### TASK STATEMENT
An exact, picture-free copy of the listing is required.

********

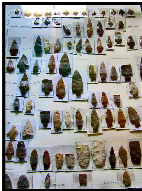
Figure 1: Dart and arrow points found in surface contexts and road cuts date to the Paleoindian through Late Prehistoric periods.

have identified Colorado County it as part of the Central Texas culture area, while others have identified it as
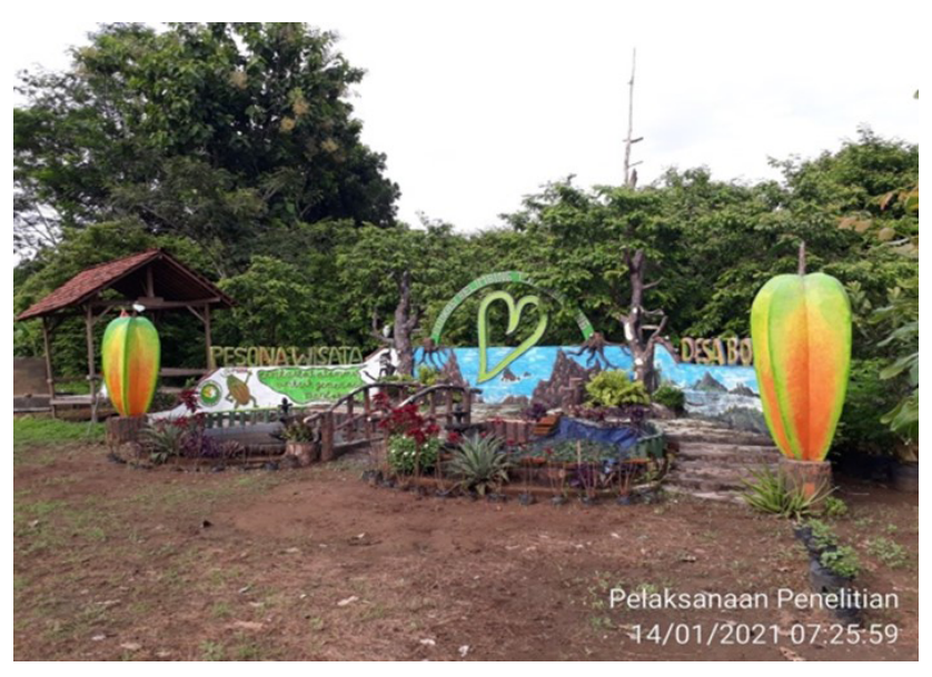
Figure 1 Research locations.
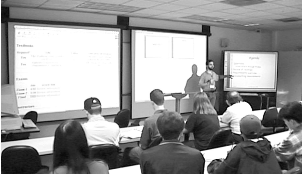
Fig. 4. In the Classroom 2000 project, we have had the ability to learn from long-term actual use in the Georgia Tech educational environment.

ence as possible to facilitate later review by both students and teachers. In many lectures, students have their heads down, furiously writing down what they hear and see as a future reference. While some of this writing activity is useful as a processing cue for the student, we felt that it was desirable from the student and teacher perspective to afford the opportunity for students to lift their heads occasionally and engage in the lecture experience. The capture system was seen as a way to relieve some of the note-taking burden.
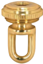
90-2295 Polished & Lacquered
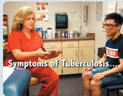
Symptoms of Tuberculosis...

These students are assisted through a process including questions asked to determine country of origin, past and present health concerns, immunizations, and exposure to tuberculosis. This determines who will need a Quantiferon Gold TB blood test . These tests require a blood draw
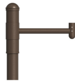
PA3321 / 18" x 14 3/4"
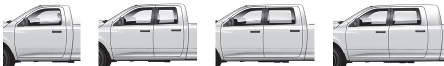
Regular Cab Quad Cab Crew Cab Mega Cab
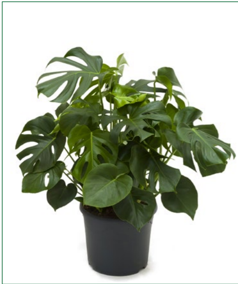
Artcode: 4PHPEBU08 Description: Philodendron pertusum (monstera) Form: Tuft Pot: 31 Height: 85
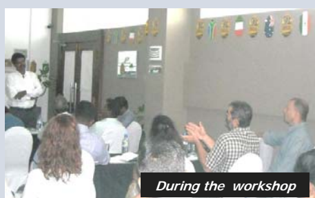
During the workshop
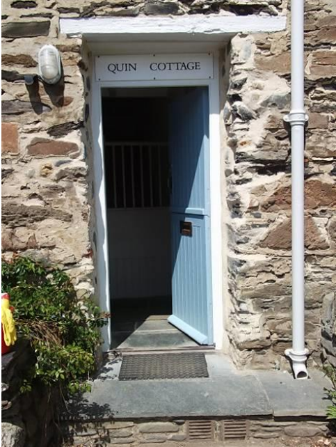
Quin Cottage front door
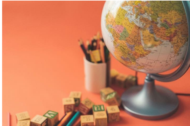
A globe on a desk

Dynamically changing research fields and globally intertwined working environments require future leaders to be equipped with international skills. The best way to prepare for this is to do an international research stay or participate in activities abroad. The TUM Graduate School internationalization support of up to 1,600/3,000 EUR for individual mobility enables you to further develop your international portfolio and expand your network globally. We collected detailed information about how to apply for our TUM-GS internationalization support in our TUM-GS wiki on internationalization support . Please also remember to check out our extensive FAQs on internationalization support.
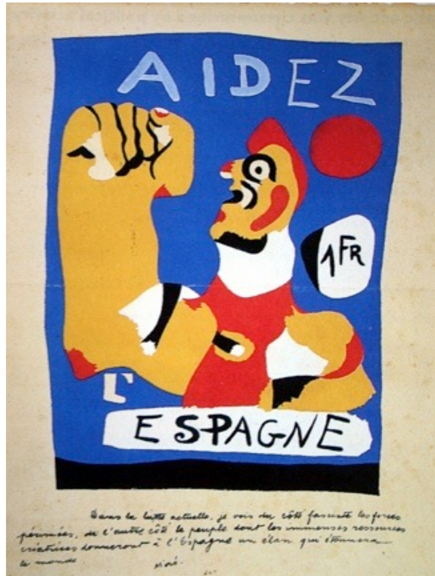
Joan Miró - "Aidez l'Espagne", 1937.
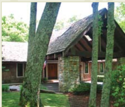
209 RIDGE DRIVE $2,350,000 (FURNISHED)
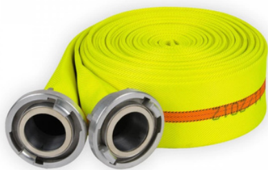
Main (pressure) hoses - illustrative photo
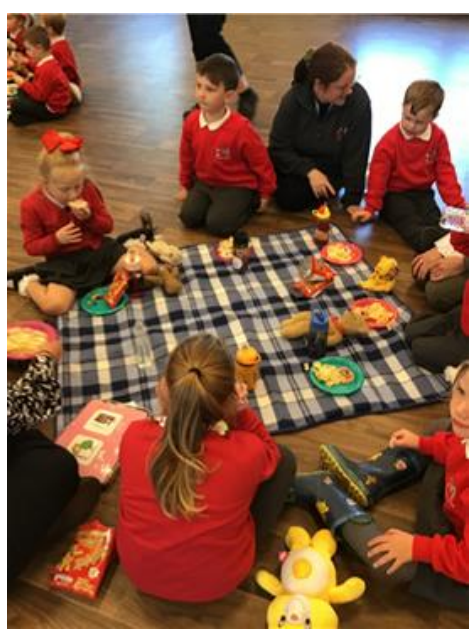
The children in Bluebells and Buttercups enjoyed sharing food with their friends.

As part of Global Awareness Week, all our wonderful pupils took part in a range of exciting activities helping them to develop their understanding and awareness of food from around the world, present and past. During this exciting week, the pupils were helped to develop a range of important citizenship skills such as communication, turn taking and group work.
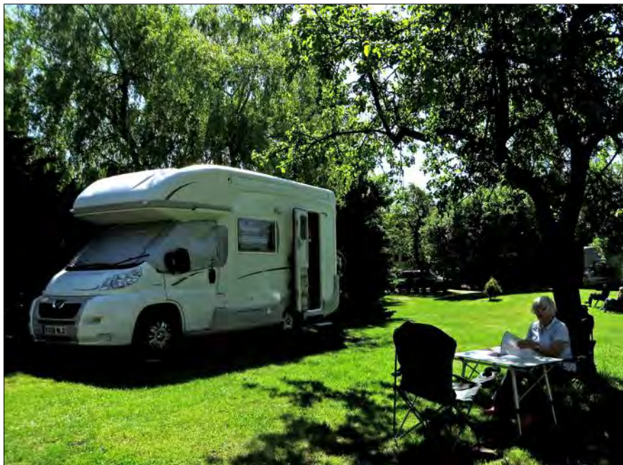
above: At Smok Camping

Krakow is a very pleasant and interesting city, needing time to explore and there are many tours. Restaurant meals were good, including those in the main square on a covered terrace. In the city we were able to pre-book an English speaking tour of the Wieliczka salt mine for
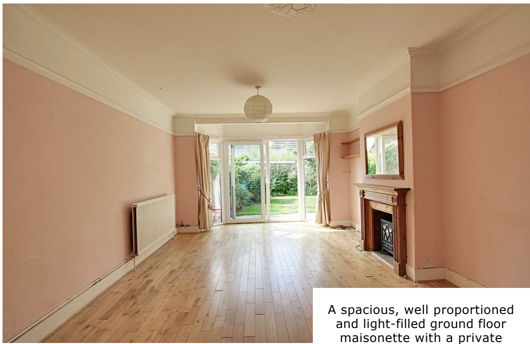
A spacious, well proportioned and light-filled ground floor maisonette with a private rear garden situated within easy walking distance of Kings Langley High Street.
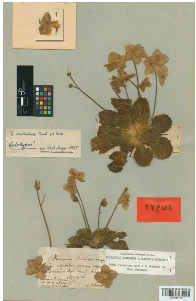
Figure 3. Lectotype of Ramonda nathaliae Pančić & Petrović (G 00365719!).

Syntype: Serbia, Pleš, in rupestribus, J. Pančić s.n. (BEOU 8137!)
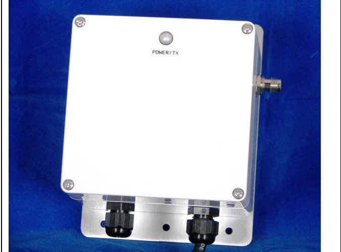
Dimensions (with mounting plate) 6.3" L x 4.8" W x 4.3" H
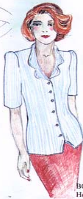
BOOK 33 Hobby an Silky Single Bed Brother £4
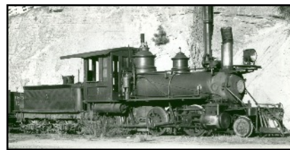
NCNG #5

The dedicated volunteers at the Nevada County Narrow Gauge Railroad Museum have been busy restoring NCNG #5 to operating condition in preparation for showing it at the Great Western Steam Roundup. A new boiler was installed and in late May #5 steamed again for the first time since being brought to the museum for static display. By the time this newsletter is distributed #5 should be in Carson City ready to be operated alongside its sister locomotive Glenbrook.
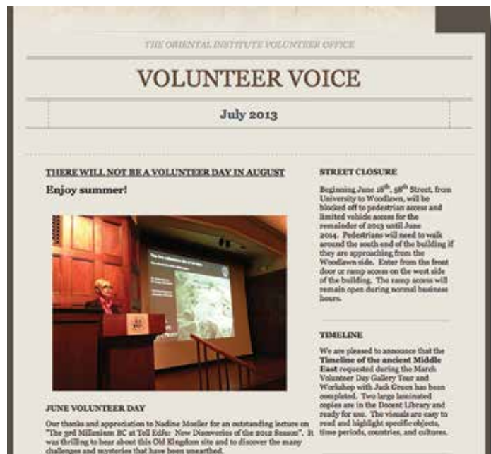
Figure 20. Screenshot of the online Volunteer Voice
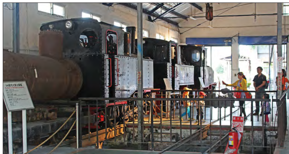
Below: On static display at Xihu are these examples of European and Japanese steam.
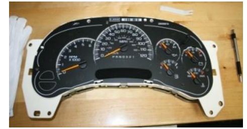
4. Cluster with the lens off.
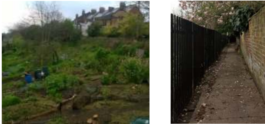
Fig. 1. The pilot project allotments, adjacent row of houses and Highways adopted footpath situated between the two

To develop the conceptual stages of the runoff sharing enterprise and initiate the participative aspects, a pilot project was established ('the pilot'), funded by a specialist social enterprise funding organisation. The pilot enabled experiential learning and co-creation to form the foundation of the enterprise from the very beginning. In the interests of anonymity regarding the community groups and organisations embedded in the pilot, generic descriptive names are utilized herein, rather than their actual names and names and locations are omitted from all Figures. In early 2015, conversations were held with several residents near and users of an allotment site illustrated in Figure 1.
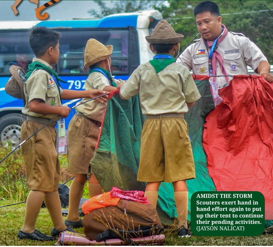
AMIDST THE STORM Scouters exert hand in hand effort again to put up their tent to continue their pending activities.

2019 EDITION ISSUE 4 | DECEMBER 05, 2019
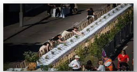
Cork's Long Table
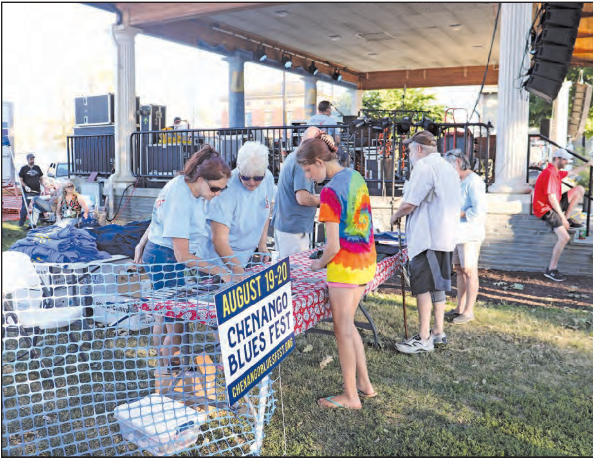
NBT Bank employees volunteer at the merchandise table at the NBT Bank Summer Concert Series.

********

### RESPONSE
Figure 1: Dart and arrow points found in surface contexts and road cuts date to the Paleoindian through Late Prehistoric periods.

have identified Colorado County it as part of the Central Texas culture area, while others have identified it as
Figure 1 Research locations.
Fig. 4. In the Classroom 2000 project, we have had the ability to learn from long-term actual use in the Georgia Tech educational environment.

ence as possible to facilitate later review by both students and teachers. In many lectures, students have their heads down, furiously writing down what they hear and see as a future reference. While some of this writing activity is useful as a processing cue for the student, we felt that it was desirable from the student and teacher perspective to afford the opportunity for students to lift their heads occasionally and engage in the lecture experience. The capture system was seen as a way to relieve some of the note-taking burden.
90-2295 Polished & Lacquered
Symptoms of Tuberculosis...

These students are assisted through a process including questions asked to determine country of origin, past and present health concerns, immunizations, and exposure to tuberculosis. This determines who will need a Quantiferon Gold TB blood test . These tests require a blood draw
PA3321 / 18" x 14 3/4"
Regular Cab Quad Cab Crew Cab Mega Cab
Artcode: 4PHPEBU08 Description: Philodendron pertusum (monstera) Form: Tuft Pot: 31 Height: 85
During the workshop
Quin Cottage front door
A globe on a desk

Dynamically changing research fields and globally intertwined working environments require future leaders to be equipped with international skills. The best way to prepare for this is to do an international research stay or participate in activities abroad. The TUM Graduate School internationalization support of up to 1,600/3,000 EUR for individual mobility enables you to further develop your international portfolio and expand your network globally. We collected detailed information about how to apply for our TUM-GS internationalization support in our TUM-GS wiki on internationalization support . Please also remember to check out our extensive FAQs on internationalization support.
Joan Miró - "Aidez l'Espagne", 1937.
209 RIDGE DRIVE $2,350,000 (FURNISHED)
Main (pressure) hoses - illustrative photo
The children in Bluebells and Buttercups enjoyed sharing food with their friends.

As part of Global Awareness Week, all our wonderful pupils took part in a range of exciting activities helping them to develop their understanding and awareness of food from around the world, present and past. During this exciting week, the pupils were helped to develop a range of important citizenship skills such as communication, turn taking and group work.
above: At Smok Camping

Krakow is a very pleasant and interesting city, needing time to explore and there are many tours. Restaurant meals were good, including those in the main square on a covered terrace. In the city we were able to pre-book an English speaking tour of the Wieliczka salt mine for
A spacious, well proportioned and light-filled ground floor maisonette with a private rear garden situated within easy walking distance of Kings Langley High Street.
Figure 3. Lectotype of Ramonda nathaliae Pančić & Petrović (G 00365719!).

Syntype: Serbia, Pleš, in rupestribus, J. Pančić s.n. (BEOU 8137!)
Dimensions (with mounting plate) 6.3" L x 4.8" W x 4.3" H
BOOK 33 Hobby an Silky Single Bed Brother £4
NCNG #5

The dedicated volunteers at the Nevada County Narrow Gauge Railroad Museum have been busy restoring NCNG #5 to operating condition in preparation for showing it at the Great Western Steam Roundup. A new boiler was installed and in late May #5 steamed again for the first time since being brought to the museum for static display. By the time this newsletter is distributed #5 should be in Carson City ready to be operated alongside its sister locomotive Glenbrook.
Figure 20. Screenshot of the online Volunteer Voice
Below: On static display at Xihu are these examples of European and Japanese steam.
4. Cluster with the lens off.
Fig. 1. The pilot project allotments, adjacent row of houses and Highways adopted footpath situated between the two

To develop the conceptual stages of the runoff sharing enterprise and initiate the participative aspects, a pilot project was established ('the pilot'), funded by a specialist social enterprise funding organisation. The pilot enabled experiential learning and co-creation to form the foundation of the enterprise from the very beginning. In the interests of anonymity regarding the community groups and organisations embedded in the pilot, generic descriptive names are utilized herein, rather than their actual names and names and locations are omitted from all Figures. In early 2015, conversations were held with several residents near and users of an allotment site illustrated in Figure 1.
AMIDST THE STORM Scouters exert hand in hand effort again to put up their tent to continue their pending activities.

2019 EDITION ISSUE 4 | DECEMBER 05, 2019
Cork's Long Table
NBT Bank employees volunteer at the merchandise table at the NBT Bank Summer Concert Series.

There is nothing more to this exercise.